When we hear about ‘listening practice in school’, perhaps we will remember how teachers carry a radio and a cassette to a class. Now, there are many schools in big cities that provide computers to be used for learning process. Here, the teachers use audio CD, recording, or any software to teach listening skill for the students. Despite the modern facilities now, the way how listening practice adapted in schools is still the same: teachers distribute pieces of paper containing some questions then assign the students to answer them individually based on what they listen from the audio.  Can we use listening practice to teach other language skills beside listening skill itself?
Let’s look at this example:
Students in a classroom are listening to a recording about two people watching a movie on television. Those two people have different opinion about the characters in that movie.
From this recording, the teacher can ask the students to take notes about what they have listened to. Instead of providing some questions on the answer sheet, the teacher can ask the students to work in pairs and take the roles of those people in the recording. They can decide who become who. Then, they make their own scenario with their own words. After that, they can act while the teacher is walking around the class to see how accurate the scenario is compare to the recording and how fluent the students speak.
When they are done, the teacher can play the recording once again and ask the students to listen to it. The teachers can make a class discussion by asking about their opinion, the difficulties they find, and what they feel when they work in pairs using their own scenario.
We can see that listening practice become ‘a hook’ in this activity. Besides teaching listening skill to students, the teacher here is also able to train students’ writing skill (by making a scenario), speaking skill (through the dialogue and discussion), and also build interactivity between student and student, and also students and teacher.
Beside using audio or recording, teachers can also show a video as a listening source for the students.

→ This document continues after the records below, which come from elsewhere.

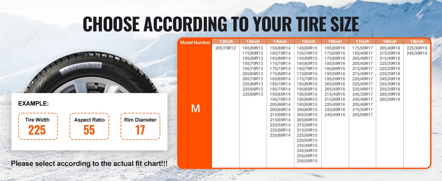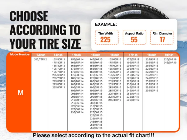 Tire Model Selection:These snow socks are sized at Φ15.2×16.9 in (M Size). Detailed compatible tire models are shown on the page. Please check your tire model carefully to ensure the snow socks fit your tires.
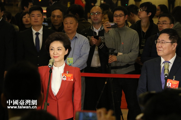 海霞委員回答記者提問。(中國臺灣網 雍紫薇 攝)
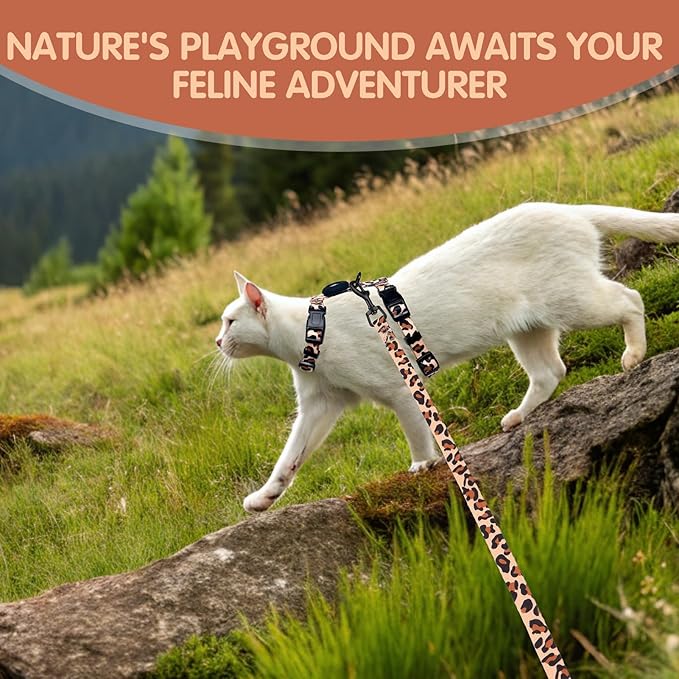- SOFT,LIGHTWEIGHT MATERIAL: Crafted from high-quality polyester webbing, this kitten harness and leash set is lightweight, breathable, and skin-friendly—ideal for daily wear, outdoor strolls, travel, or vet visits. The bold and fashionable khaki leopard print adds a stylish touch that makes your kitten stand out instantly
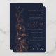 Esta invitación a la boda muestra un rico fondo azul marino con rosas de ilustraciones florales dorados, creando un aspecto atemporal y lujoso. El elegante tipo de letra del guión combinado con el texto clásico del serif logra un equilibrio entre el romance moderno y la sofisticación refinada. Delicados acentos metálicos y una abeja suavemente ilustrada añaden un toque caprichoso pero de gama alta, perfecto para bodas nocturnos o eventos formales con un toque romántico y botánico. Para realizar cambios avanzados, seleccione la opción "Hacer clic en más personalizar" en Personalizar esta plantilla.

Then, the activity could be the same as the one above (e.g. making a scenario, dialogue, etc). Now, let's watch this video as an example!


So, what do you think about the activity like this?Can we use a video like that to conduct the activity? Do you think there are some barriers to conduct this activity in Indonesian schools?

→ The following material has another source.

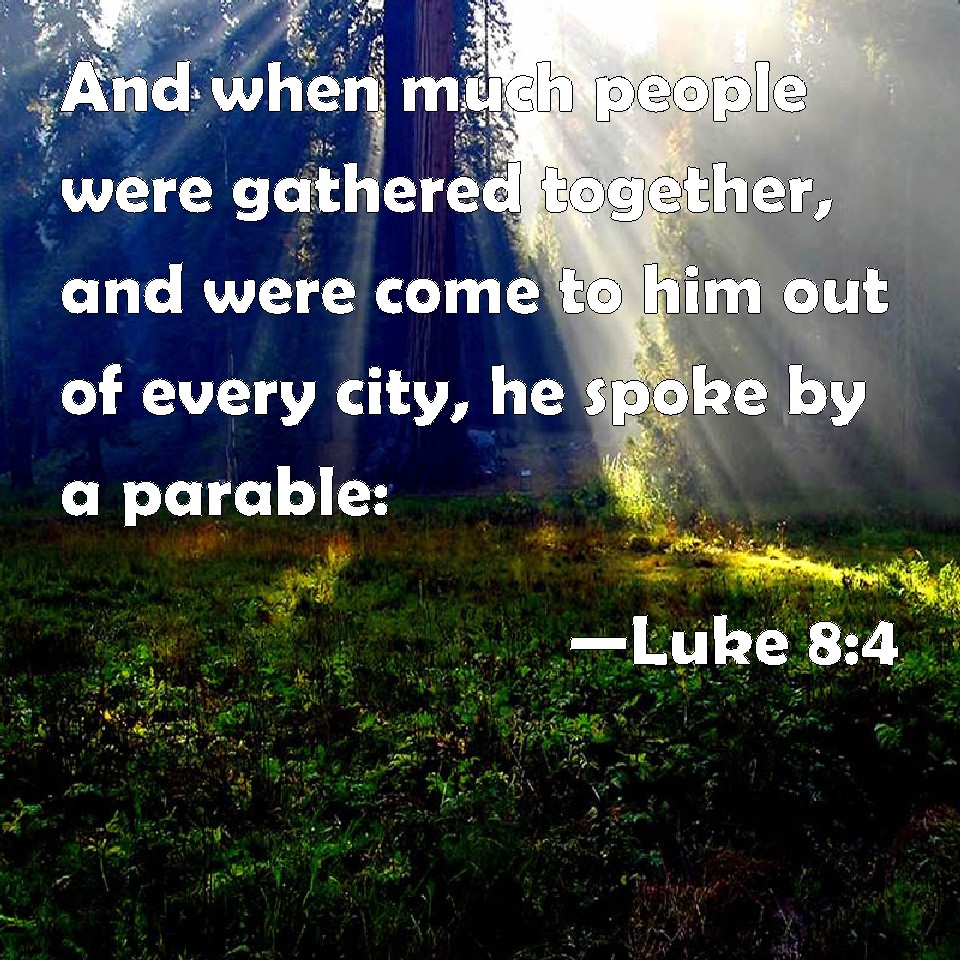Choose a Background Luke 8:4 And when much people were gathered together, and were come to him out of every city, he spoke by a parable: KJV: And when much people were gathered together, and were come to him out of every city, he spake by a parable: DRB: And when a very great multitude was gathered together, and hastened out of the cities unto him, he spoke by a similitude. DBT: And a great crowd coming together, and those who were coming to him out of each city, he spoke by parable: ERV: And when a great multitude came together, and they of every city resorted unto him, he spake by a parable: WBT: And when many people were collected, and had come to him out of every city, he spoke by a parable: WEB: When a great multitude came together, and people from every city were coming to him, he spoke by a parable. YLT: And a great multitude having gathered, and those who from city and city were coming unto him, he spake by a simile:Links Luke 8:4 NIV • Luke 8:4 NLT • Luke 8:4 ESV • Luke 8:4 NASB • Luke 8:4 KJV • Luke 8:4 Interlinear • Luke 8:4 Commentaries • Luke 8:4 Parallel Texts • Luke 8:4 Bible Apps • Luke 8:4 Parallel • Bible Hub |

Listening Skill in Language Learning



taken from google images
Looking at my experience in school observation, I saw how listening and speaking skill are important. It was clear when I had to interview some students and asked them some questions about their product. In this article, I want to focus on listening skill. However, listening is often followed by speaking. It is supported by Krashen’s (1982) ideas about comprehensible input, where a language learner gets the input from others (by listening) then produce what he/she learn from others (by speaking). That is why listening became a foundation for speaking.

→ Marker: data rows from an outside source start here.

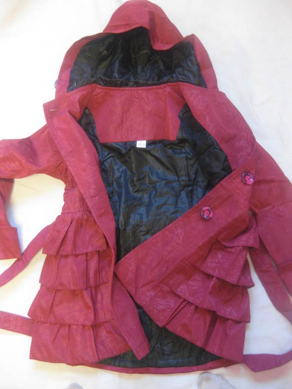 Ткань Таслан, тоненькая прослойка утеплителя . Капюшон не отстегивается, есть поясок.
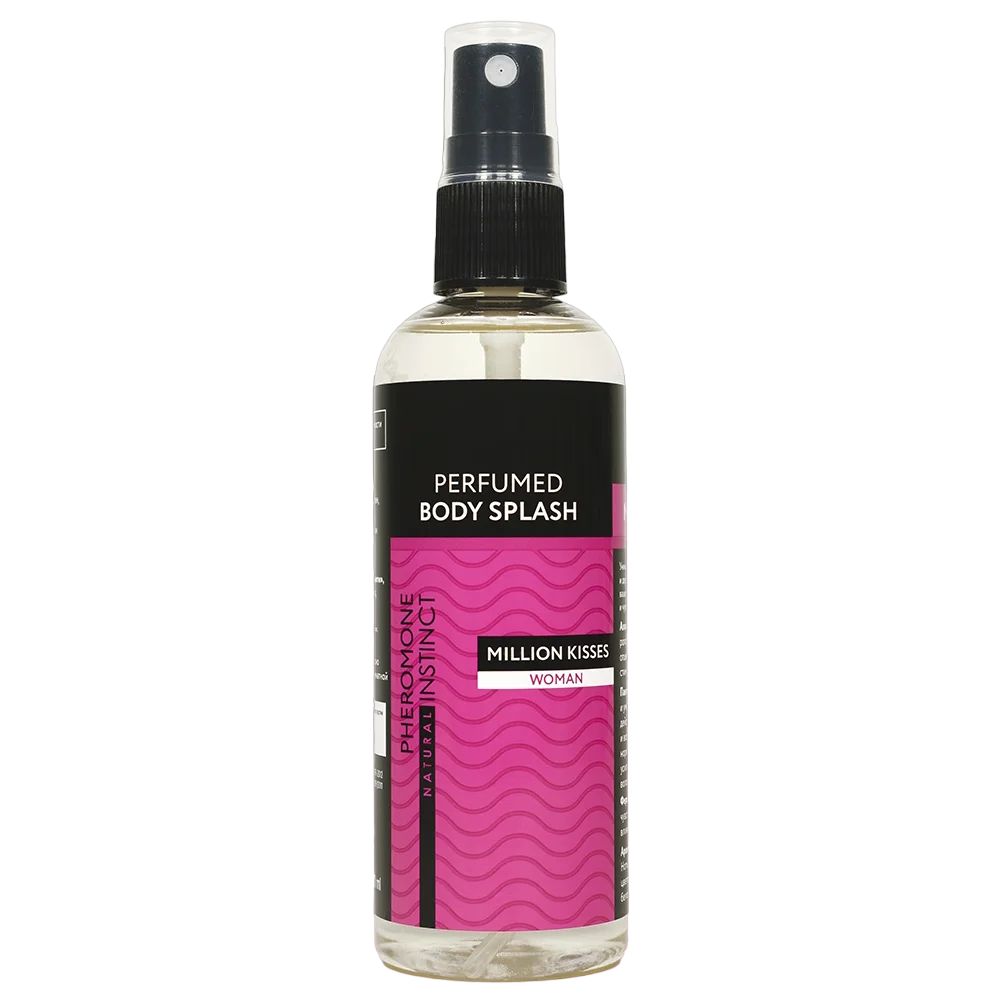 Парфюмированный спрей с феромонами Million Kisses для женщин. Уникальное сочетание манящего и дерзкого парфюма с феромонами окутает ваше тело волшебной аурой нежного и чувственного аромата. Аромат: фруктово-цветочный. Ноты малины, нероли, цитрусов, цветов апельсина, гардении, жасмина, белого меда и пачули. Спрей можно использовать как полноценную парфюмерную воду за счет высокой концентрации парфюмерных композиций, но при этом по очень доступной цене.
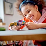 L’intérieur de la voiture est richement équipé : vous y trouverez une cage de sécurité, un tableau de bord, un levier de vitesses et un extincteur. Une minifigurine de pilote NASCAR avec casque est incluse, que l’on peut installer derrière le volant pour des courses palpitantes.
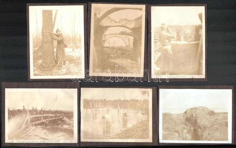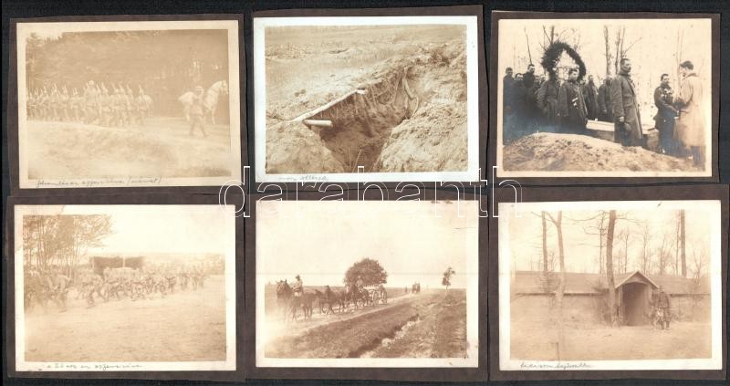 cca 1914-1918 össz. 15 db I. világháborús fotó a keleti frontról, több feliratozott ("lakásom bejárata", "23-as megfigyelőállás", "német dragonyosok az offenzíva előtt", "orosz állások", 26-ok az offenzívára" stb.), egyik katonai temetésről, másikon fürdőző katonák. Albumlapra ragasztva és abból kivágva. Vegyes, nagyrészt jó állapotban (1 db foltos, 1 db szakadással) 9x12 cm
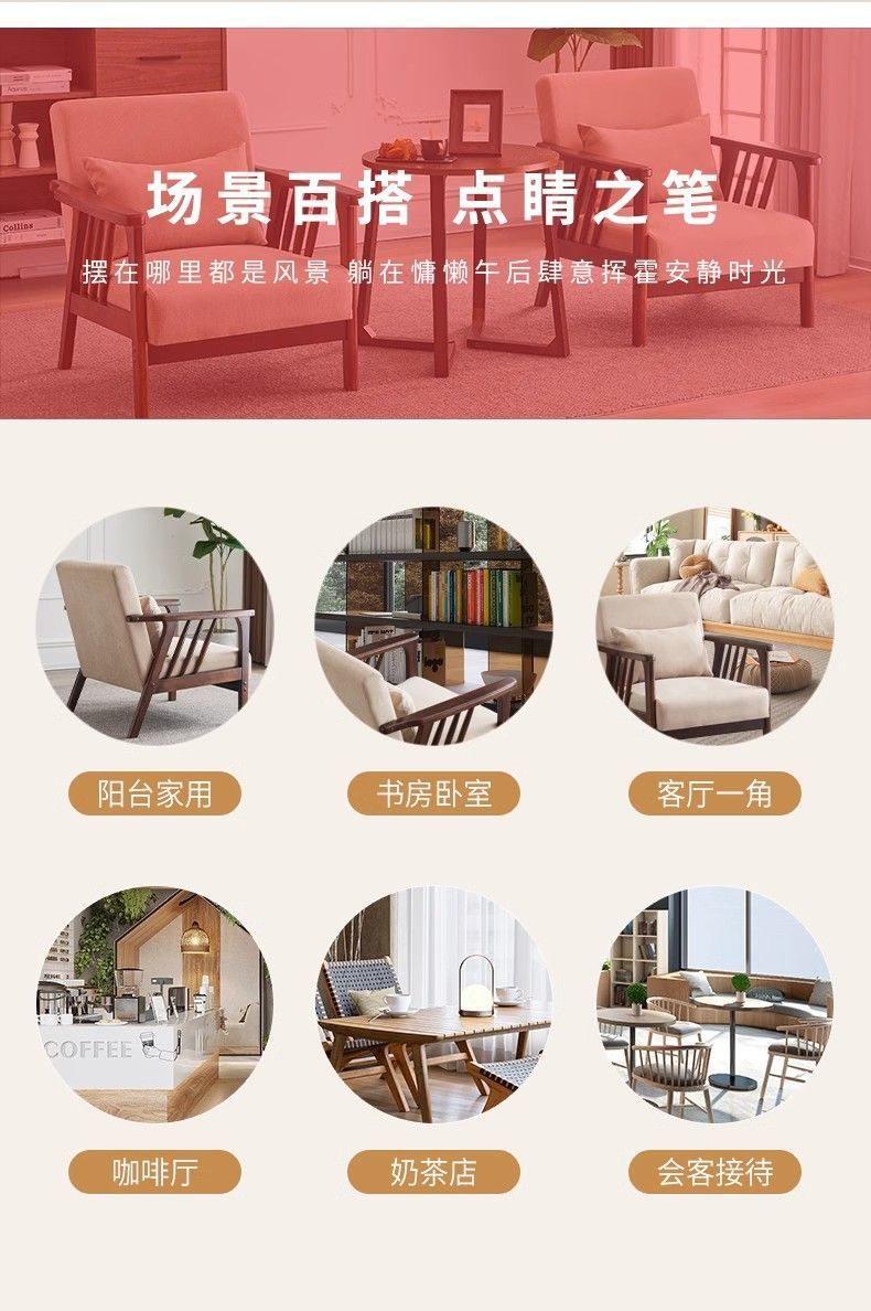 1인용 소파 의자 원목 레저 의자 모던 심플 거실 발코니 홈스테이 호텔 테이블과 의자 일본식 홈

Nunan (1989) says that listening has two views which exist in language pedagogy; they are bottom up view and top-down view. Bottom-up view assumes that listening is a process of decoding the sounds, from the smallest meaningful units (phonemes) to complete texts. Let’s take a look one example:
Goal: find the stressed syllables
Example: Listen to words of two or three syllables. Mark them for the word stress and predict the pronunciation of the unstressed syllable.
On the other hand, top-down emphasizes on how listeners actively construct the original meaning of the speaker. Here, the listeners use prior knowledge of the context to make them understand about what they hear, for example:
Goal: Listen to identify the topic
Example: Listen to a radio commercial. On the answer sheet, choose among four types of product and identify the picture that goes with it.
It is very important to combine those two views and use them in Indonesian schools. However, in my opinion, Bottom-up view is rarely used in Indonesian schools while the top-down is more often. Considering it as the basic view, I think it should be used in all levels even started from the beginner level.  It is important for our speaking skill too. In fact, when I was in school, I never studied materials which used Bottom-up view, such as learning about minimal pairs. It was easier for me to find the exercise using top-down view.  I think it is because many people or teachers see bottom-up view as a simple view which can be ‘ignored’ in language learning process. I do not agree with this assumption because those two views are related and should be combined together.